Memoir by Lynne Spears

Through the Storm: A Real Story of Fame and Family in a Tabloid World is a memoir by Lynne Spears that she co-wrote with Lorilee Craker. The memoir is about Lynne's daughters: Britney and Jamie Lynn. The book was announced in 2007 and published on September 16, 2008, by Thomas Nelson, a Christian publisher.

Prior to the book's release, the National Enquirer leaked several of the book's revelations, including that Britney had started drinking alcohol at age thirteen, soon after she began appearing on American variety show The All-New Mickey Mouse Club. When Britney was seventeen, her talent manager Larry Rudolph promoted her as a virgin who continued to shun premarital sex while dating teen idol Justin Timberlake.

Sam Lutfi, a former talent manager of Britney's, began a defamation lawsuit against Lynne for alleging in Through the Storm that he had isolated and drugged Britney.
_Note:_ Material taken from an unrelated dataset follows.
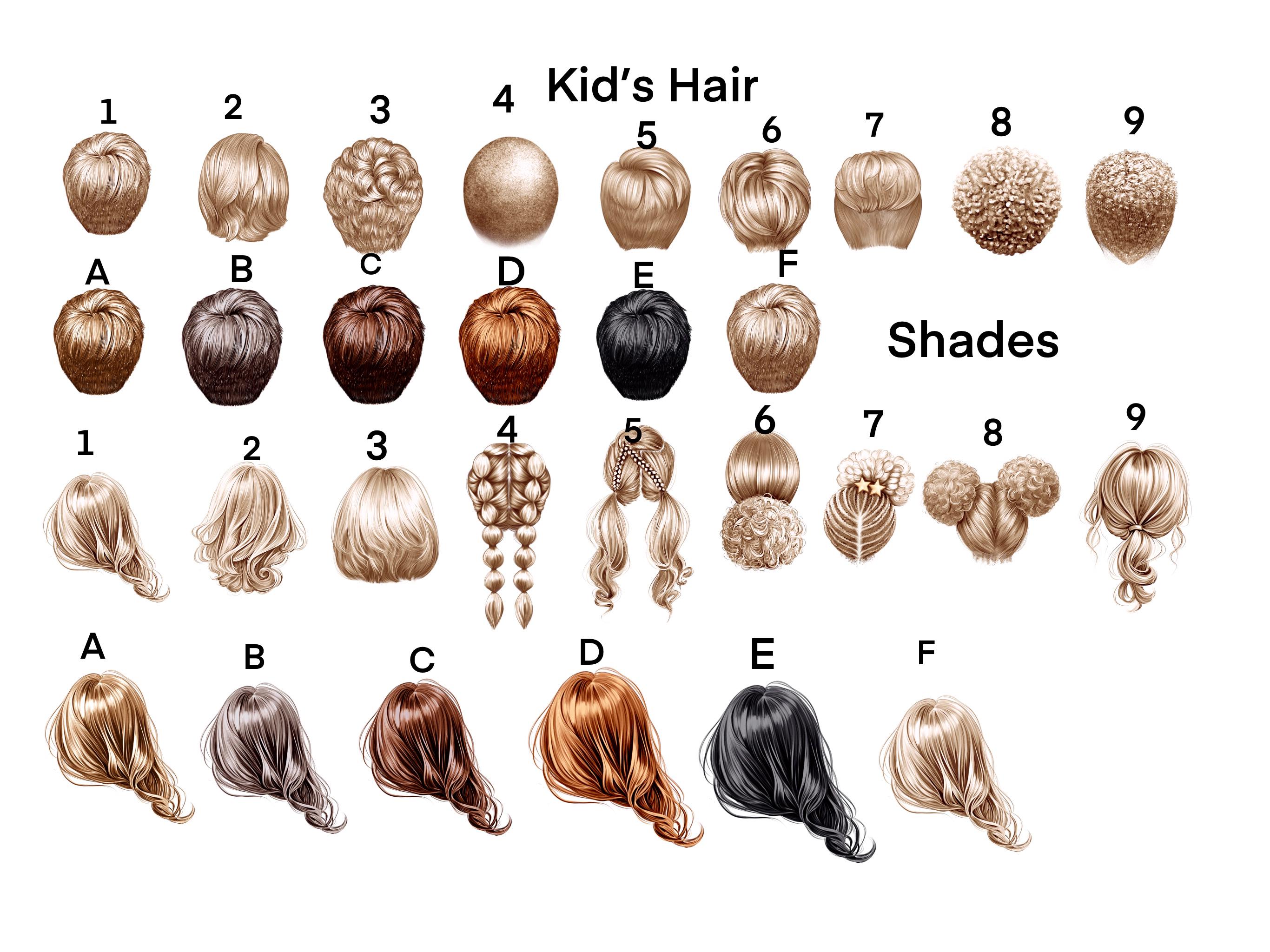 Each part of the character (like hairstyle, outfit, skin tone, etc.) has a number. When you’re personalizing your order, just tell me the numbers for each feature you'd like — it’s like building your own little character!

An Entertainment Tonight article by James Herman calls Through the Storm a "jaw-dropping tell-all book". In an Entertainment Weekly review, Adrienne Day writes that the book only provides information that can be found on Wikipedia, therefore it’s useless, and showed the gap between mother and daughter.

==Bibliography==
- Tiegel, Eliot (2008). "Overexposed: The Price of Fame"
- Wilson, Leah (2010). "Ardeur: 14 Writers on the Anita Blake, Vampire Hunter Series"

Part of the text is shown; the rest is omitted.